Every service signing key older than 90 days gets rotated automatically. Old keys are backed up. No human intervention needed.

The Full Auth Chain Today

Here's how a request flows through the unified system:

Browser user (SSO):

Cloudflare Zero Trust → SAML → AitherIdentity IdP → JWT → Veil middleware
→ X-User-Roles header → route handler → authorized

API user (PAT):

X-API-Key: aither_pat_xxx → Veil middleware → Identity /auth/me
→ verify_personal_token() → user + scopes → authorized

MCP tool (service key):

mcp_auth.get_auth_headers() → cached Identity API key
→ X-API-Key header → Veil blog route → Identity validation → authorized
→ on 403: invalidate → re-register → retry → authorized

ACTA billing user:

Register → ACTA creates balance + API key → Identity user created
→ Pay → plan_change → sync_rbac_role() → Identity role updated
→ All permissions flow from one RBAC source

What We Learned

Auth is a graph, not a list. The moment you have two services issuing tokens, you have a consistency problem. ACTA and Identity each worked perfectly in isolation. The failure was in the gap between them — a user could authenticate with a billing key that had no RBAC roles.

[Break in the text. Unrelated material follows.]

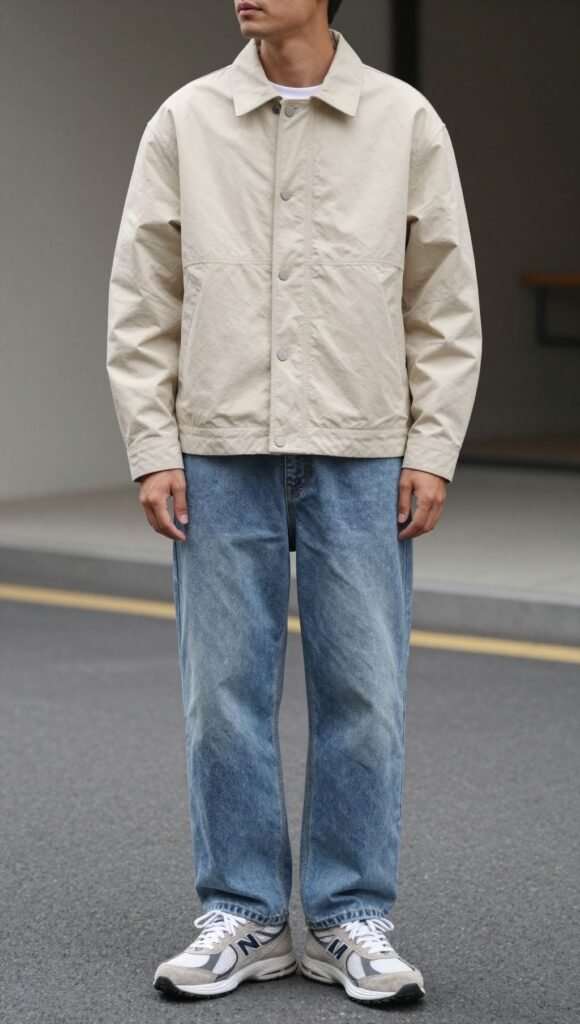 Embrace the dad-core agenda. Go with a beige chore jacket, relaxed jeans, and white socks peeking. The 2002R finishes it off with that quiet flex.

403 is not a terminal state. Services restart, containers rebuild, databases re-seed. A 403 today might work tomorrow. The self-healing retry pattern (invalidate → re-register → retry) turns transient auth failures into transparent recovery.

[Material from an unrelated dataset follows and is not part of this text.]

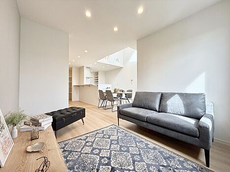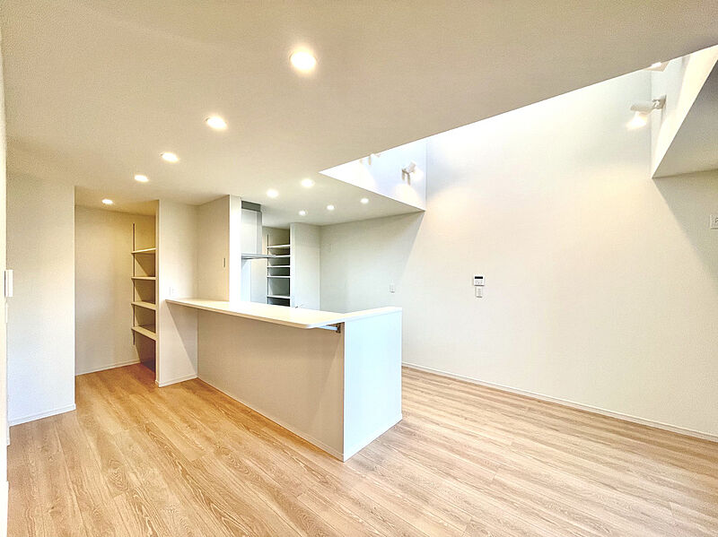 大型テレビも置ける約20帖の広々リビングは、陽当りが良く、部屋いっぱいに明るい陽光が広がります!明るく居心地の良いリビング空間には、自然と家族が集まります♪

Scoped tokens are not optional. The choice isn't between "full access" and "no access." PATs let users create exactly the credential they need — a CI key that can only deploy, a monitoring token that can only read, a blog key that can only publish. Least privilege becomes self-service.

Secrets in source code are technical debt with compound interest. That hardcoded admin password existed because it was expedient. It would have been expedient in every deployment, on every fork, in every security audit failure. The 4-tier resolution adds complexity at one point to eliminate risk everywhere.

The auth system now has one source of truth. AitherIdentity decides who you are and what you can do. Everything else — billing, MCP tools, the blog, agent dispatch — asks Identity and trusts the answer.

---

The changes described in this post span 6 files across 3 services: AitherIdentity (RBAC + PATs), AitherACTA (Identity linkage), AitherSecrets (key rotation), MCP auth (self-healing), MCP blog tools (403 retry), and the Veil API keys page (self-service UI). All endpoints are tested end-to-end: service registration, PAT creation, PAT authentication, blog write through PAT, credential vault CRUD, and MCP tool auth recovery.